Rather than following mainstream Hollywood structure, THE FAMILY is characterised by consistent, restless tension that suddenly and unexpectedly peaks and subsides, maintaining a constant state of discomfort. There are both horrific climaxes and uncomfortable moments of stillness within each chapter. Yet, the film still manages to build towards something, raising the stakes each time, each chapter pushing the children – and the audience – further into discomfort until something has to give.
Director Dan Slater has brilliantly created a film that never allows its audience to feel at ease, which is exactly what horror should do. Far from being bored, we retreat into our seats from the unsettling scenes unfolding before us. Thrillingly, some of the most disturbing scenes seemingly involve nothing much at all happening, which is down to the masterfully sinister performances of Toni Ellwand and Nigel Bennet as Mother and Father.
Bennet and Ellwand are deeply unsettling, with Ellwand giving a particularly disquieting performance. She takes the character of Mother to terrifying extremes so that even in her quietest moments, you still feel firmly gripped by her unsettling control. She builds the tension in each scene masterfully and holds it until we feel the discomfort of our main characters.
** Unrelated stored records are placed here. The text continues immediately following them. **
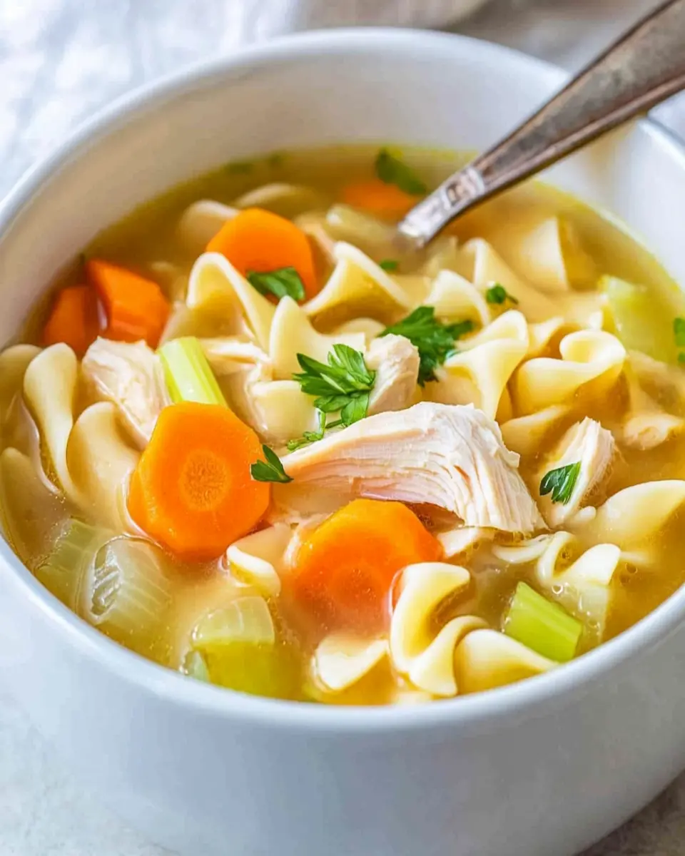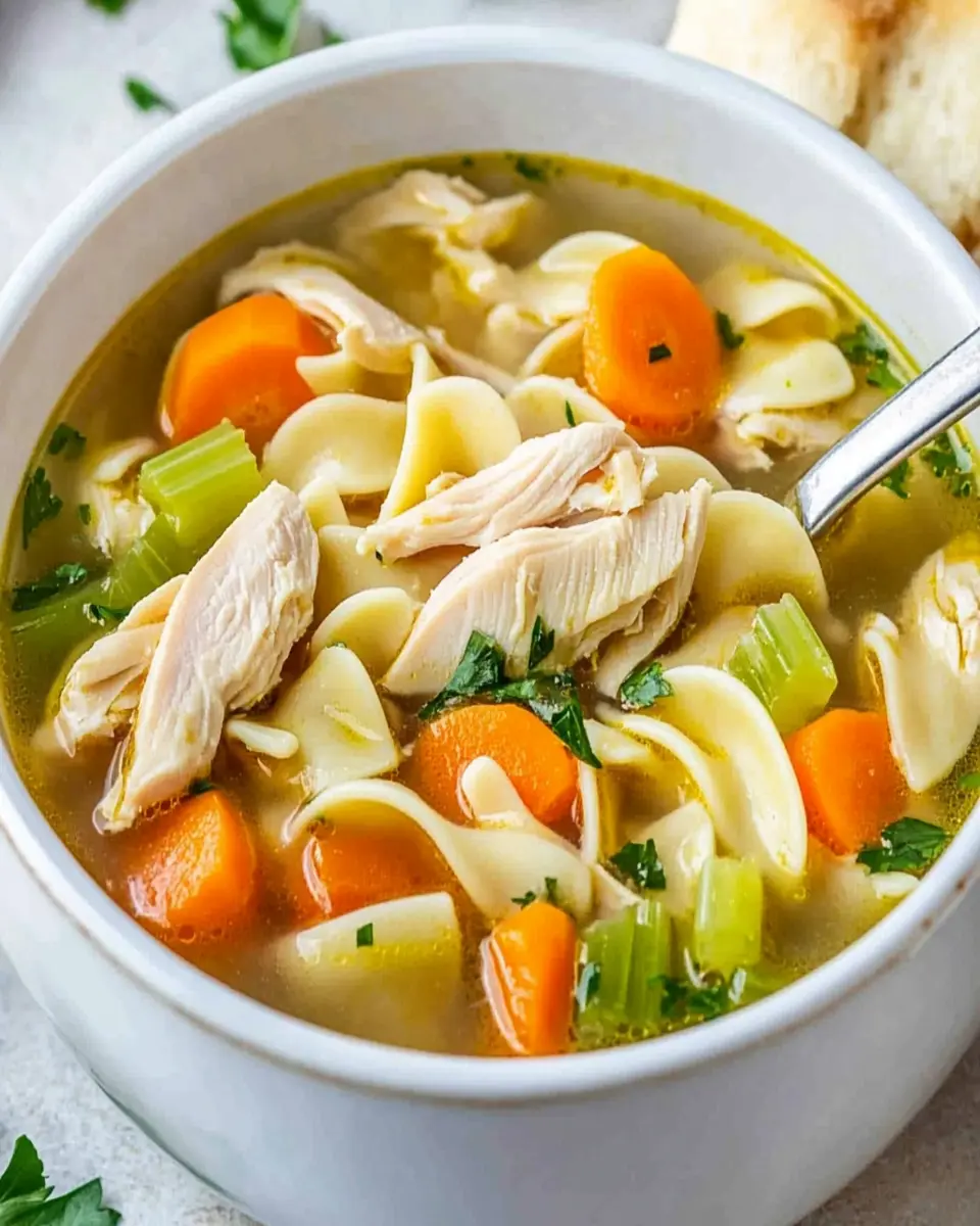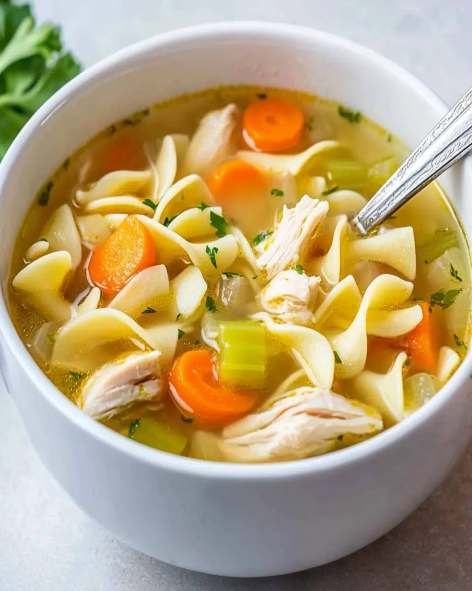 In conclusion, Easy Chicken Noodle Soup is not just a meal; it’s a comforting embrace in a bowl, perfect for busy young professionals and homemade-food lovers alike. With its simple ingredients and quick preparation time, you can enjoy a delicious, hearty soup that warms the soul after a long day. This recipe allows for personalization, making it easy to adapt to your taste and dietary needs. Whether you’re preparing it for a cozy night in or meal prepping for the week ahead, this soup is sure to become a cherished favorite. So gather your ingredients, whip up a pot, and savor every spoonful. Don’t forget to cook, save, share, or comment on your experience!
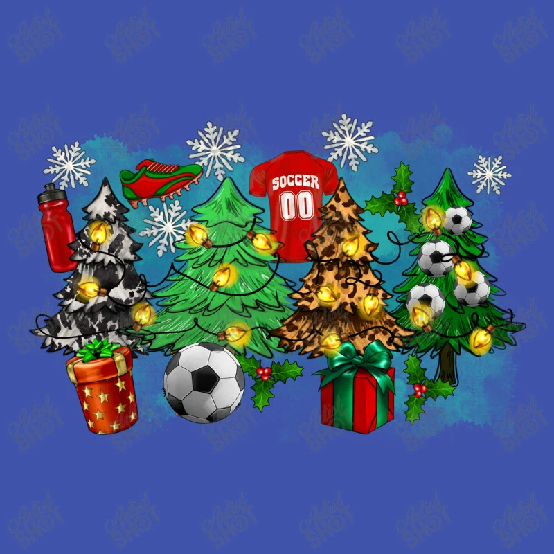 Digital printing is an amazing process that involves your artwork “Christmas Trees With Soccer” being processed by a computer and then printed directly onto the surface of your product. Digital printing is not a heat transfer or applique, as the ink directly adheres to the fabric of your shirt. Each printing process has its strengths, and our artwork team will weigh these when deciding which to use for your art.
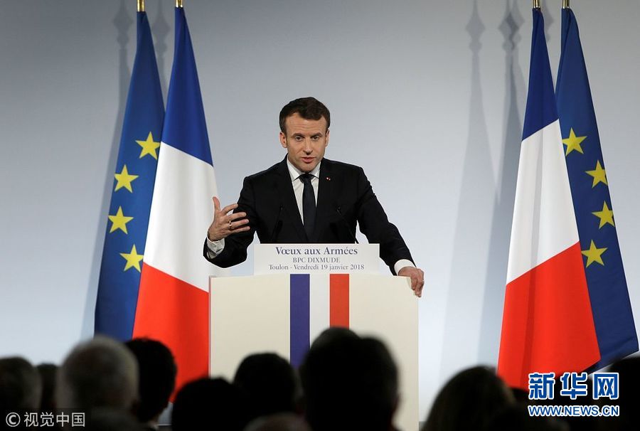 1月19日,法國(guó)土倫,法國(guó)總統(tǒng)馬克龍視察了當(dāng)?shù)氐暮\娀夭⑾蚴勘鴤儼l(fā)表新年祝福。(圖片來(lái)源:視覺(jué)中國(guó))
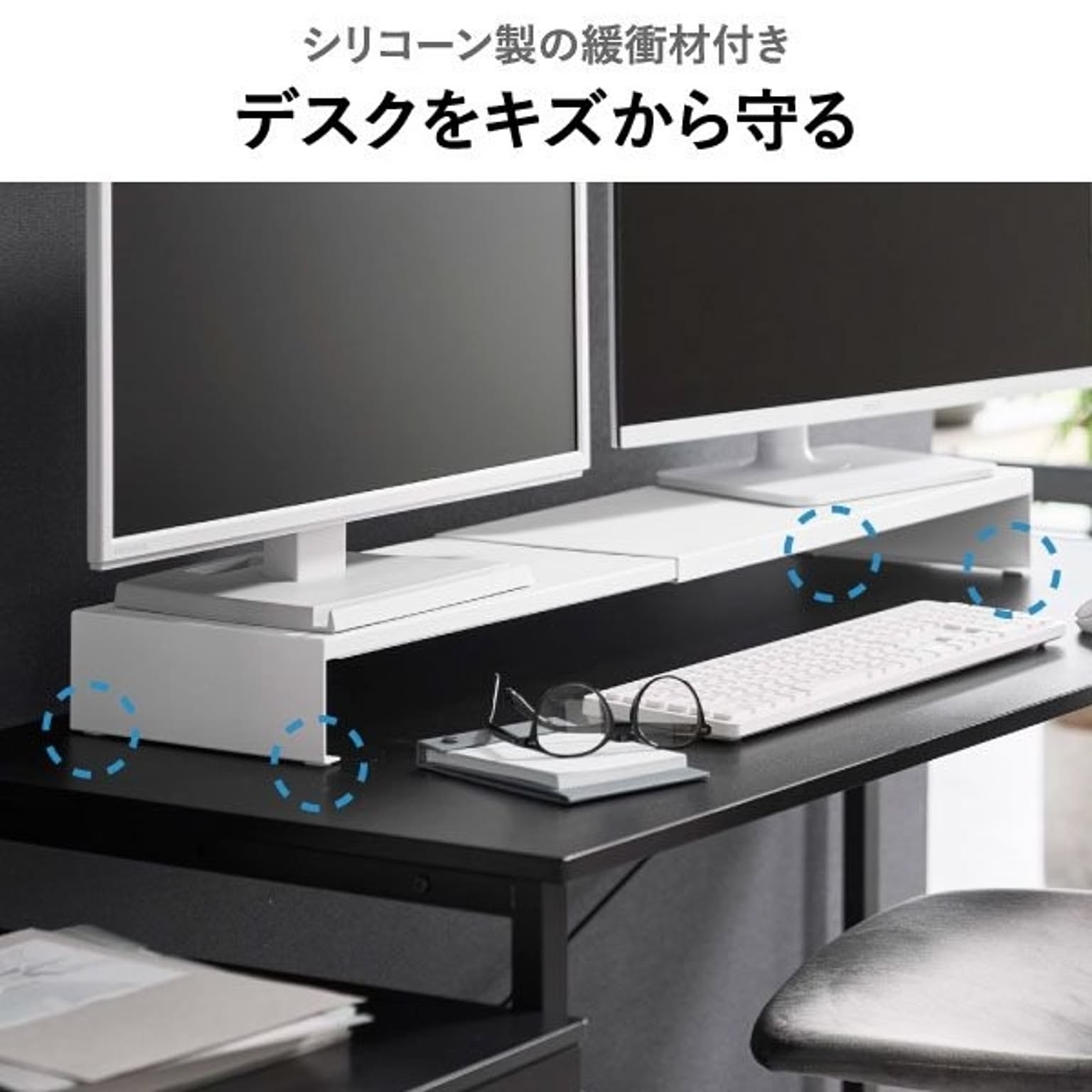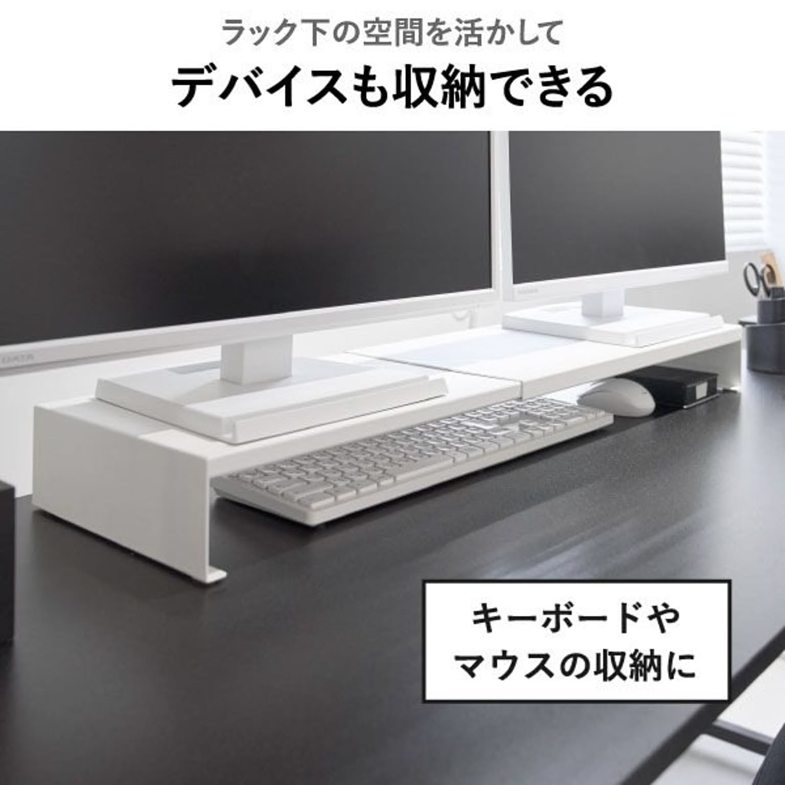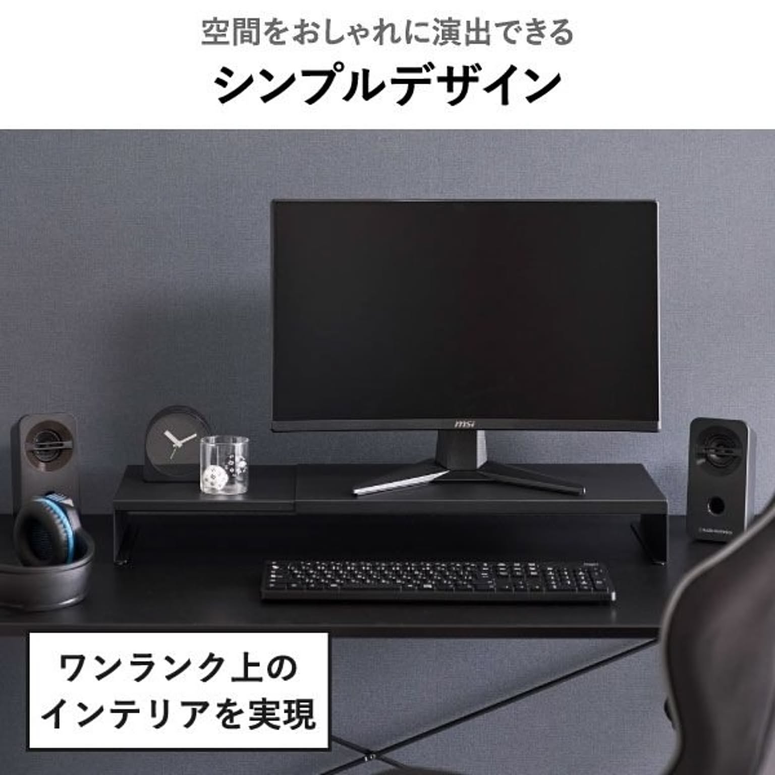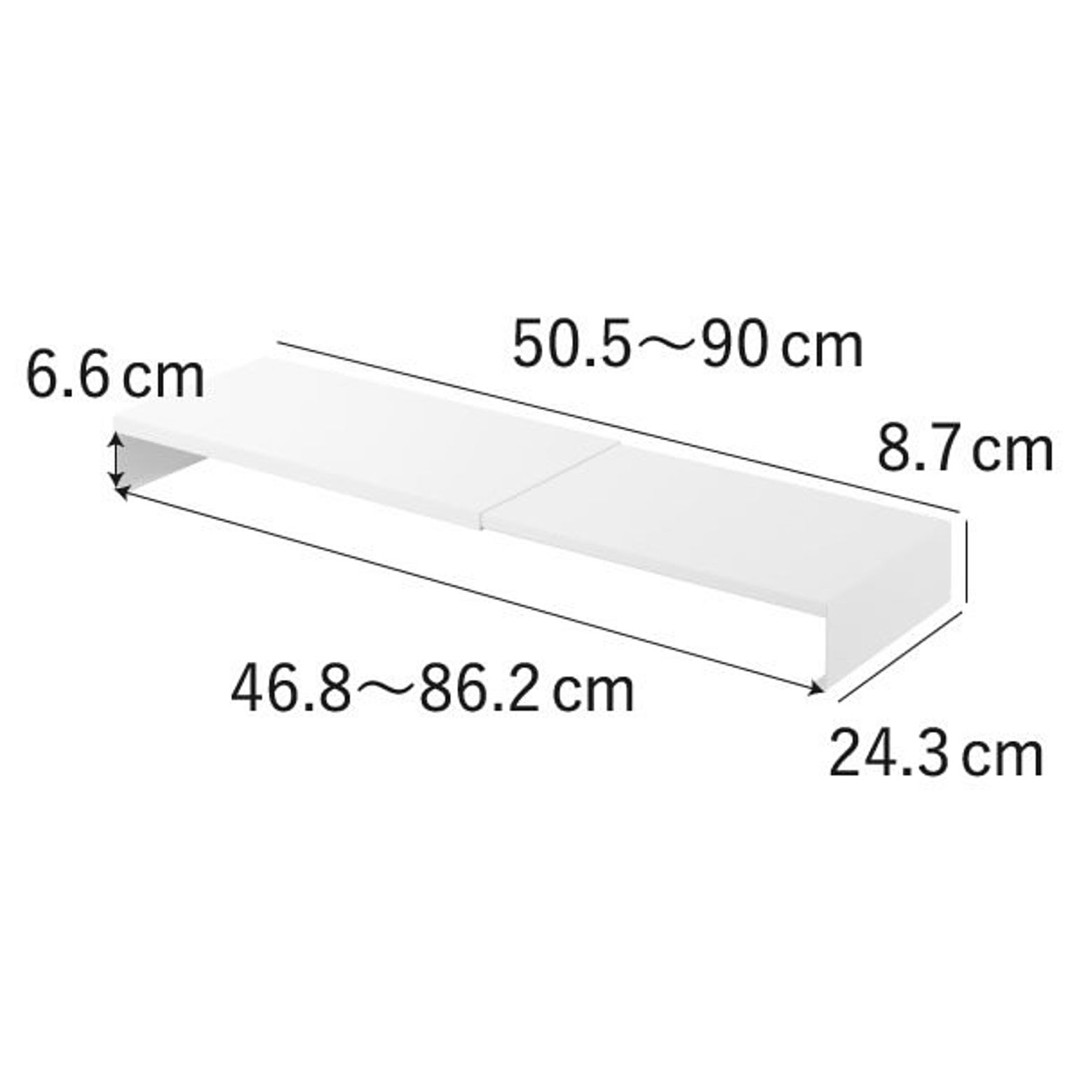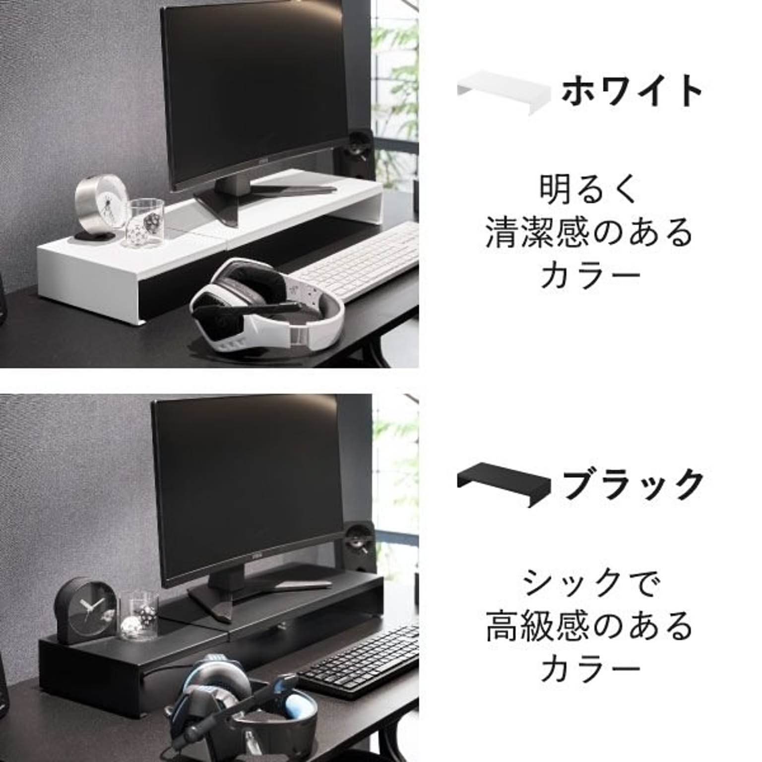 ゲーミングモニターの高さを底上げして、ゲームをしやすい環境を整えるゲーミングラックです。一切の無駄を省いた、シンプルでスタイリッシュなデザインのゲーミングラック。上質なシンプルさが様々な部屋に溶け込み、ワンランク上のインテリアを実現します。浅めのゲーミングデスクにも最適な、スリムなサイズ感のゲーミングラックで、モニターとの距離を適切に保ちつつ、ゲーミングデスク上の限られた空間を賢く活用。このゲーミングラックは、横幅を無段階で調節できる伸縮タイプです。お使いのモニターや、ゲーミングデスクの幅に応じて、自由に調節して使えます。シングルはもちろん、デュアルモニターにも対応できて便利です。ゲーミングラックの幅をあえて広くとることで、雑貨を置く収納スペースを確保できます。コの字型のゲーミングラックで、下の空間を活かしてキーボードやマウスを収納可能。ゲーミングデスク手前側の作業スペースを、広く確保することができます。ゲーミングラック天板の耐荷重は約10kgと、とても頑丈な仕様です。モニターだけでなく、WEBカメラやスピーカーなどの周辺機器もまとめてレイアウトできます。ゲーム用のモニターだけでなく、通常のパソコン用のモニターにもお使いいただけます。スタイリッシュなデザインなので、オフィスの雰囲気を壊すことがなく、よりスマートな印象に。ゲーミングラックは丈夫なスチール製で、表面加工によりキズやサビに強い仕様です。こちらのゲーミングラック底面にはシリコーン製の緩衝材がついていて、ゲーミングデスクが傷付くのを防いでくれます。ゲーミングラックの色は、ホワイトとブラックの2色からお選びいただけます。

Yet the film still has heart. We feel the bond between the siblings of the Family, particularly between Abigail (Jenna Warren) and Caleb (Benjamin Charles Watson), who are often used as tools to manipulate each other. Both Warren and Watson deliver a truly raw performance, and although watching their faith and very sense of self unravel is unpleasant to watch, this is a testament to the depth with which they explore their characters.
The only thing that lets THE FAMILY down is the limits to which it explores the microcosmic world that it creates. We don’t know where the children came from, what they know of the outside world, or the specifics of their devotion to and understanding of Etan. Though perhaps we aren’t intended to. Perhaps THE FAMILY is less about the origins of belief and more about the dismantling of it.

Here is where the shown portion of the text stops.